> [TASK DETAILS]
After dropping the pictures, give again exactly the lines of the data from its first line through the line with "1円 グッチ 5500M SS ブラック文字盤 ボーイズ 稼働 QZ 26576 GRS", which is included as well.
[[ MATERIAL SHOWN open ]]
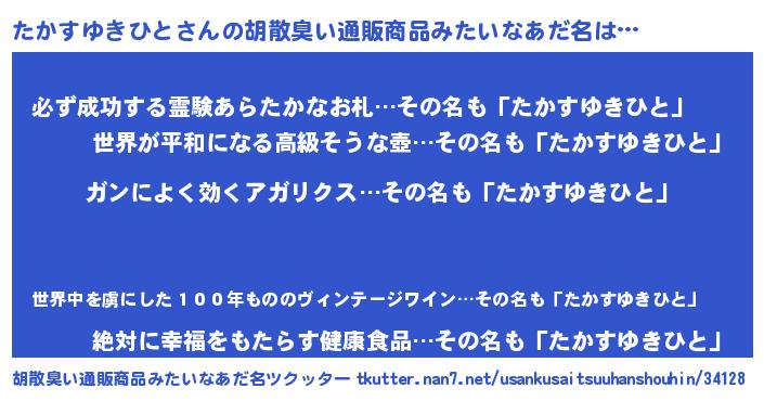 | ヘコむあだ名 | 『たかにゅー』『たかすゆきひと(震え声)』 |
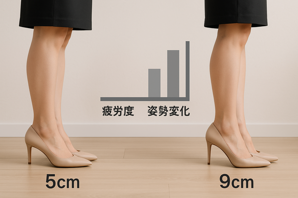 生成AIが語る5cmと9cmヒールの足の疲労度と姿勢変化比較データ
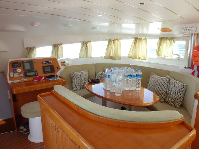 220 V-Landanschluss, Anker mit Kette, Biminitop, Bootshaken, Cockpitdusche, Cockpitlautsprecher, Cockpitpolster, Cockpittisch, Davits, Delta-Anker, elektr. Ankerwinsch, Fender, Festmacherleinen, Gangway, Kugelfender, Kunststoff-Eimer (Pütz), Sprayhood, Wasserschlauch, Windex |
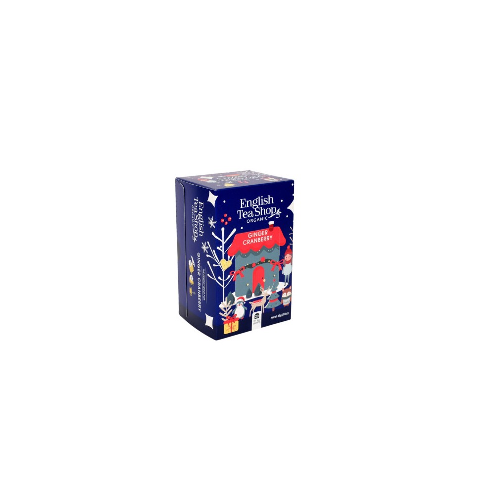Objevte Zázvor & Brusinky – 20 bio čajových sáčků od English Tea Shop, ve kterém se snoubí ostrý zázvor a šťavnaté brusinky.
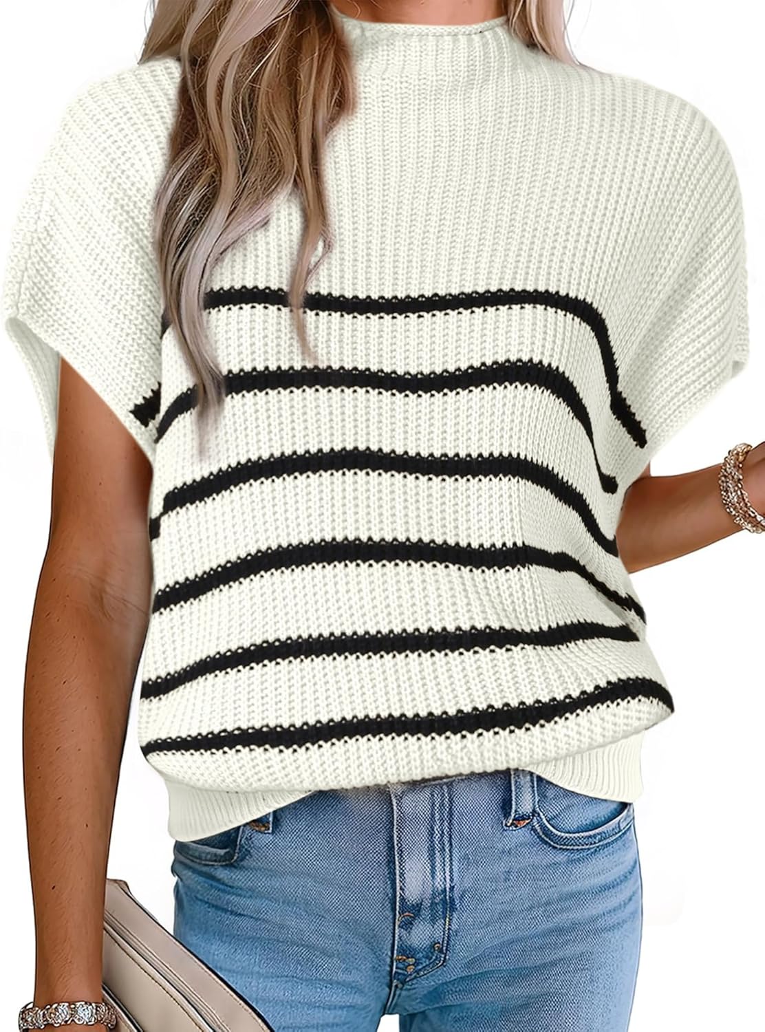 Allegra K Women's Mock Neck Striped Sweater Vest Casual Cap Sleeve Knit Pullover Tops
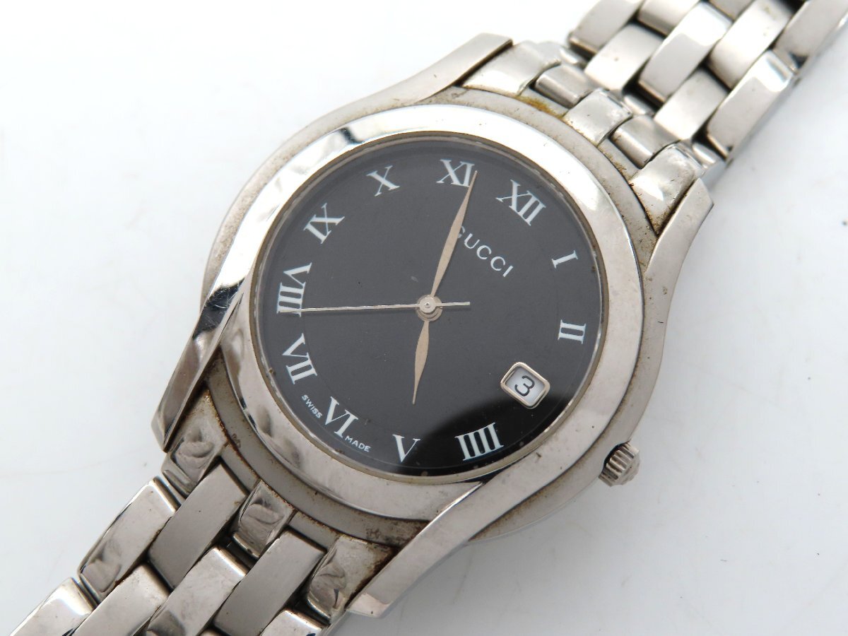 1円 グッチ 5500M SS ブラック文字盤 ボーイズ 稼働 QZ 26576 GRS
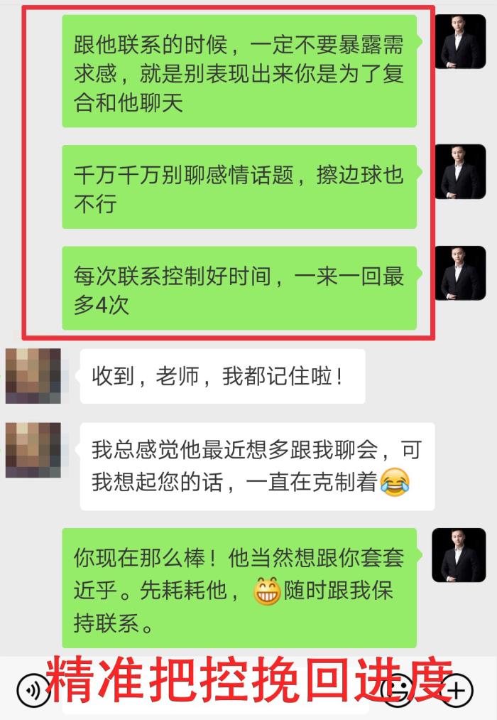 因为之前小敏和男友已经建立了"朋友关系",所以在帮助她全面提升的同时,导师还一直协助小敏和男友保持着适度的联系,通过"话术提炼+实时代聊"的方式递进她与男友的亲密关系,一步一步软化男友的心防。
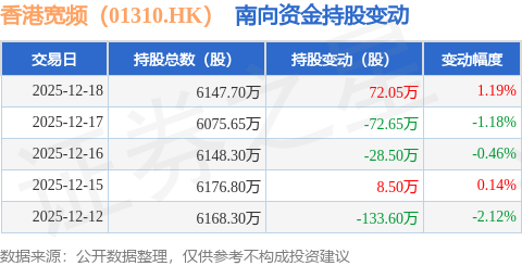 证券之星消息,12月18日南向资金增持72.05万股香港宽频(01310.HK)。近5个交易日中,获南向资金减持的有3天,累计净减持154.2万股。近20个交易日中,获南向资金减持的有15天,累计净减持843.45万股。截至目前,南向资金持有香港宽频(01310.HK)6147.7万股,占公司已发行普通股的4.15%。
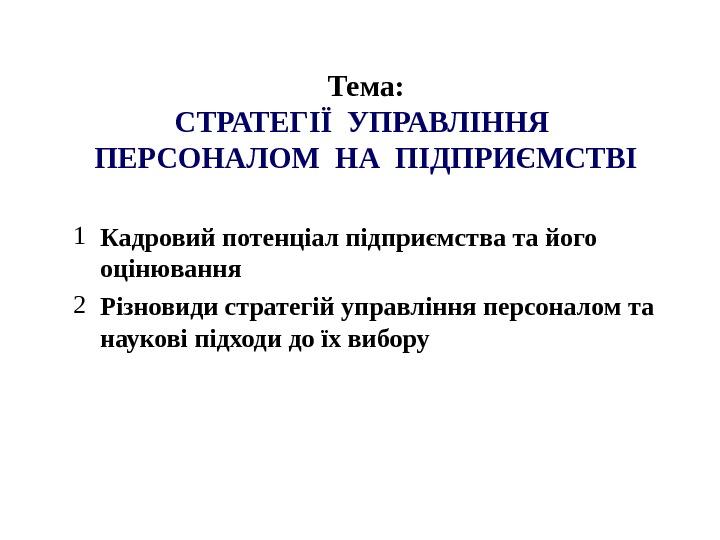 Тема: СТРАТЕГІЇ УПРАВЛІННЯ ПЕРСОНАЛОМ НА ПІДПРИЄМСТВІ 1
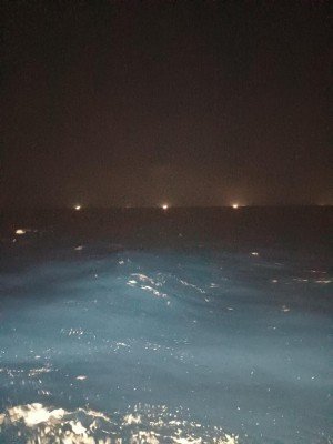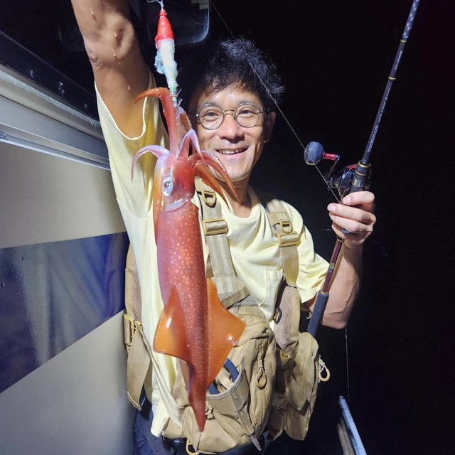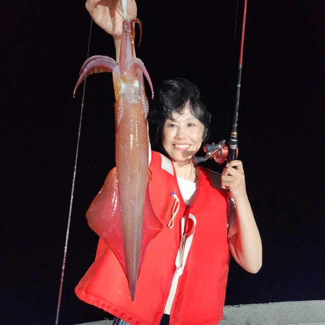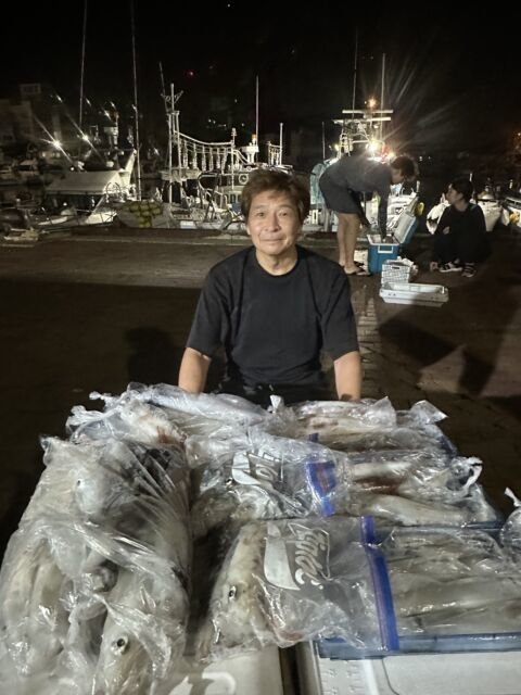(ケンサキイカ)夜焚きイカ釣りに出港。 のち、波風あった、おまけに、月が明る過ぎ 何とか、15ハイから50ハイ位で型も良かった ありがとうございます。
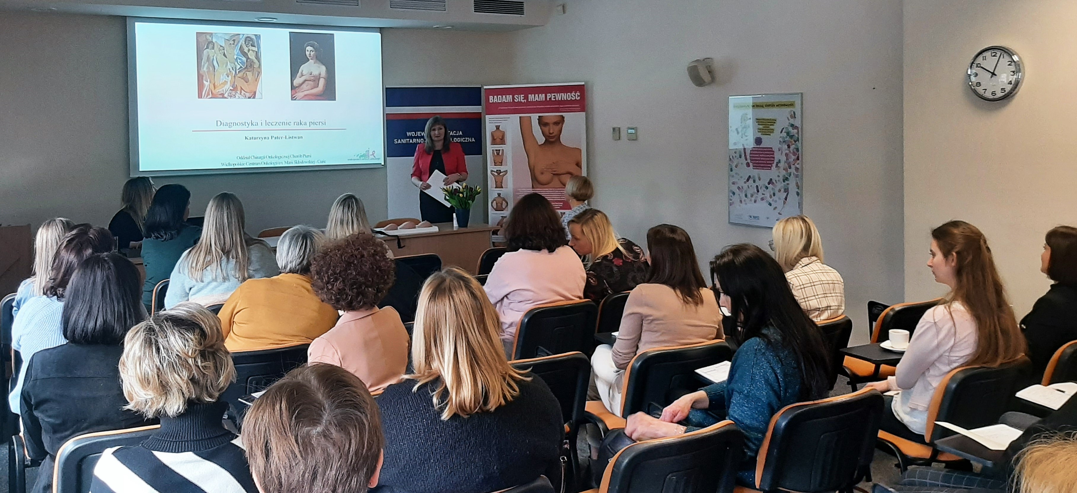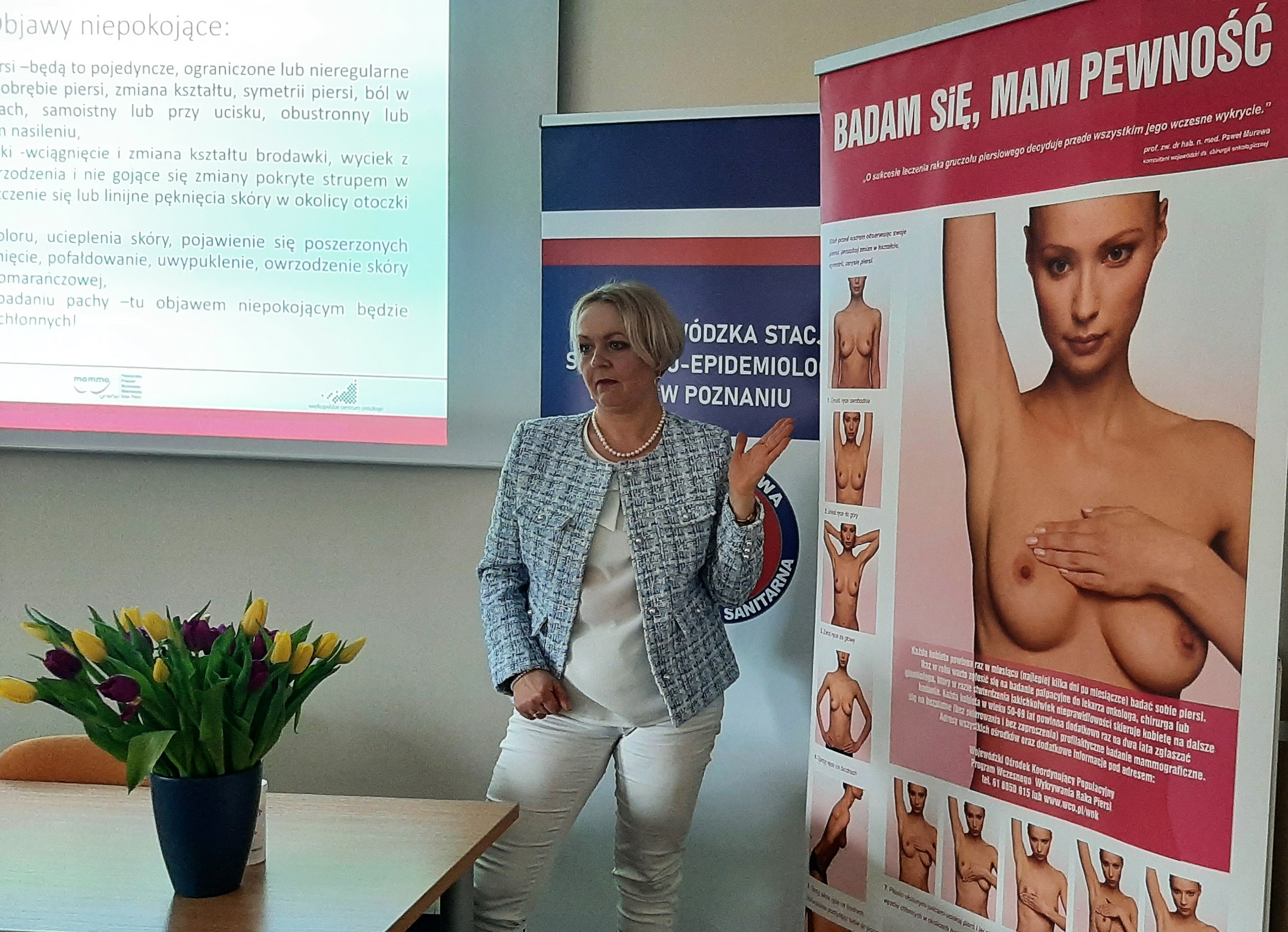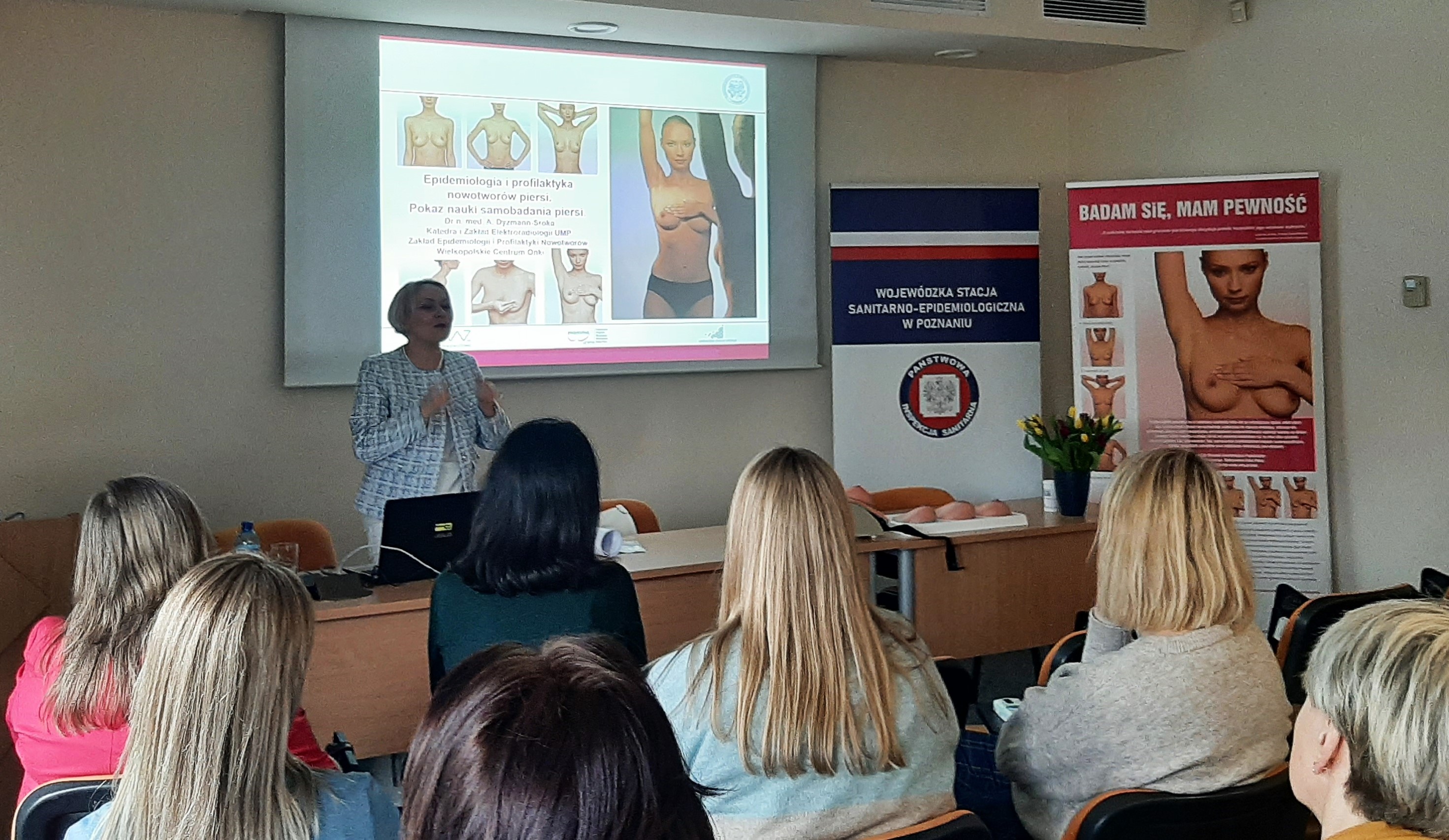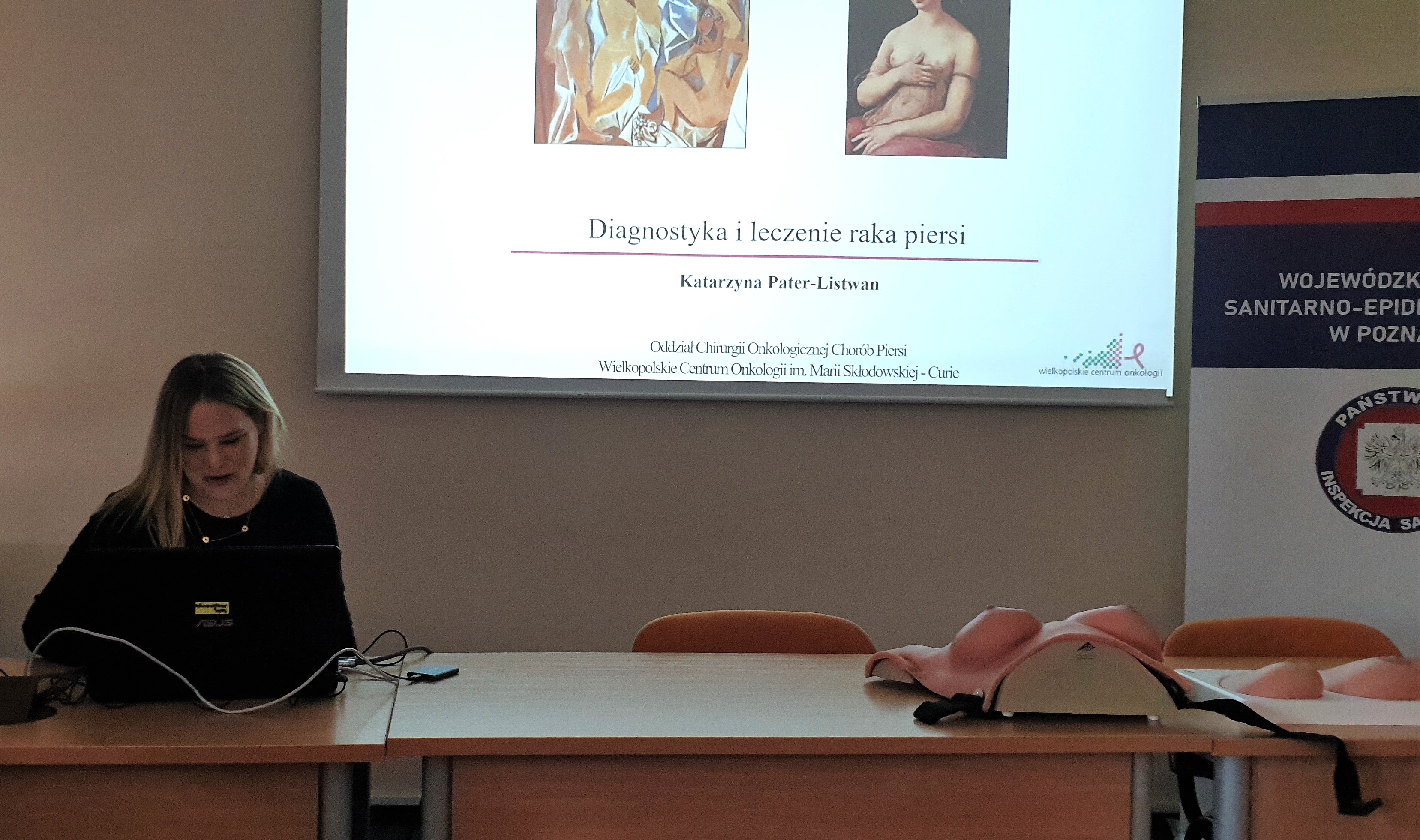 Szkolenie otworzyła Pani Hanna Kurek – Zastępca Wielkopolskiego Państwowego Wojewódzkiego Inspektora Sanitarnego, następnie uczestnicy wysłuchali wykładów „Diagnostyka i leczenie chorób piersi” Lek. Katarzyny Pater – Listwan, Starszego Asystenta Oddziału Chirurgii Onkologicznej Chorób Piersi Wielkopolskiego Centrum Onkologii oraz „Epidemiologia i profilaktyka nowotworów piersi” Pani dr n. med. Agnieszki Dyzmann – Sroki - Kierownika Zakładu Epidemiologii i Profilaktyki Nowotworów Wielkopolskiego Centrum Onkologii. Następnie zebrani wzięli udział w pokazie nauki samobadania piersi oraz poznali założenia projektu edukacyjnego pt.: „Co kryją Twoje piersi?”.
[[ MATERIAL SHOWN closed ]]
> [RESPONSE AREA]
 | ヘコむあだ名 | 『たかにゅー』『たかすゆきひと(震え声)』 |
 生成AIが語る5cmと9cmヒールの足の疲労度と姿勢変化比較データ
 220 V-Landanschluss, Anker mit Kette, Biminitop, Bootshaken, Cockpitdusche, Cockpitlautsprecher, Cockpitpolster, Cockpittisch, Davits, Delta-Anker, elektr. Ankerwinsch, Fender, Festmacherleinen, Gangway, Kugelfender, Kunststoff-Eimer (Pütz), Sprayhood, Wasserschlauch, Windex |
Objevte Zázvor & Brusinky – 20 bio čajových sáčků od English Tea Shop, ve kterém se snoubí ostrý zázvor a šťavnaté brusinky.
 Allegra K Women's Mock Neck Striped Sweater Vest Casual Cap Sleeve Knit Pullover Tops
 1円 グッチ 5500M SS ブラック文字盤 ボーイズ 稼働 QZ 26576 GRS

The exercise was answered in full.